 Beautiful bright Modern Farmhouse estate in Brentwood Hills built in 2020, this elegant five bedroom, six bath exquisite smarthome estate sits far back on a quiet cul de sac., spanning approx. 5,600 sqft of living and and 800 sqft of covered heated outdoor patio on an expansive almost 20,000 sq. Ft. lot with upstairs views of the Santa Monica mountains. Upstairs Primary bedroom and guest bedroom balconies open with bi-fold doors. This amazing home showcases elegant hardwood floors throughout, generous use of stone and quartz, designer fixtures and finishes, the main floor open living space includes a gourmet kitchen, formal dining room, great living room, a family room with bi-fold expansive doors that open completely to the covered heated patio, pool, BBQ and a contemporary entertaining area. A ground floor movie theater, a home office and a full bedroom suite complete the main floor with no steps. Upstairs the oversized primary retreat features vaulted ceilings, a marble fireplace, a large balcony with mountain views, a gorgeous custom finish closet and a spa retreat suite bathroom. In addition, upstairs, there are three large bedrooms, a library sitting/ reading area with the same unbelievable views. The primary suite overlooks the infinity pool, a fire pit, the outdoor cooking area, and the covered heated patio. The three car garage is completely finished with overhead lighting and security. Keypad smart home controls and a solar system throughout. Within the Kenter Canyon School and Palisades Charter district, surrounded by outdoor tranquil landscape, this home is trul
+-------+
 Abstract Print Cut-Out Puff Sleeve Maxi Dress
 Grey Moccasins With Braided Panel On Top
+-------+
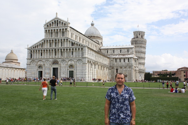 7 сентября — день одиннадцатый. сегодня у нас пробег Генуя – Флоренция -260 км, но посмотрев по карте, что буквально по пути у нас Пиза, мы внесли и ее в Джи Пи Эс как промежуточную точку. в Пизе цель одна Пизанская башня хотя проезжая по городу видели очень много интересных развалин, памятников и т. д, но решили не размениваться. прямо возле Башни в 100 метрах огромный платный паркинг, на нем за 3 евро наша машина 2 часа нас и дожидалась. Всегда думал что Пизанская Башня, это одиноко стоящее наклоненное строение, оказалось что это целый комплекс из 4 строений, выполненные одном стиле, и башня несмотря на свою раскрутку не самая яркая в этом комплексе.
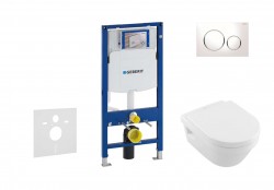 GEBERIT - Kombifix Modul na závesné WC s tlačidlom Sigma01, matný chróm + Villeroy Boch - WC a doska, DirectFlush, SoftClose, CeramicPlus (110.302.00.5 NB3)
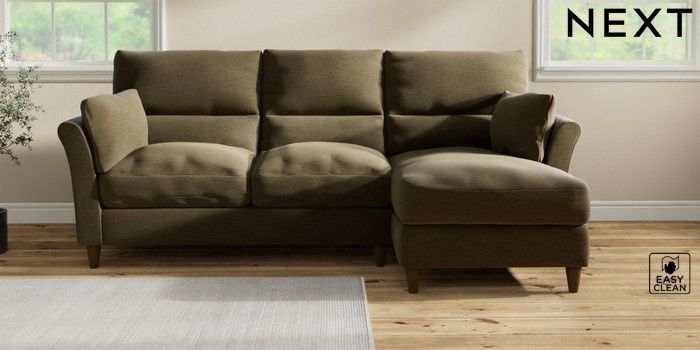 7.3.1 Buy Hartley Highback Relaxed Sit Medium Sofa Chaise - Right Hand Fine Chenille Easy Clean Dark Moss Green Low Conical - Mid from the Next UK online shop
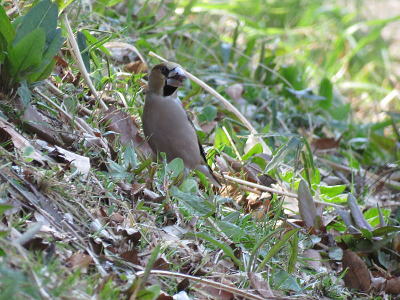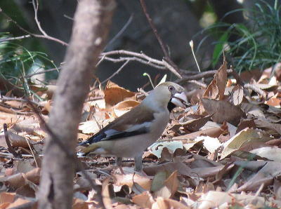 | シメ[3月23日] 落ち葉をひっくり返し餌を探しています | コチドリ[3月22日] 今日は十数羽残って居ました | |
+-------+
What you need to do: From the listing above, repeat only the lines between the line containing "GEBERIT - Kombifix" and the line containing "今日は十数羽残って居ました | |", those two included. Pictures are not part of the copy.

Exercise answer:
 GEBERIT - Kombifix Modul na závesné WC s tlačidlom Sigma01, matný chróm + Villeroy Boch - WC a doska, DirectFlush, SoftClose, CeramicPlus (110.302.00.5 NB3)
 7.3.1 Buy Hartley Highback Relaxed Sit Medium Sofa Chaise - Right Hand Fine Chenille Easy Clean Dark Moss Green Low Conical - Mid from the Next UK online shop
 | シメ[3月23日] 落ち葉をひっくり返し餌を探しています | コチドリ[3月22日] 今日は十数羽残って居ました | |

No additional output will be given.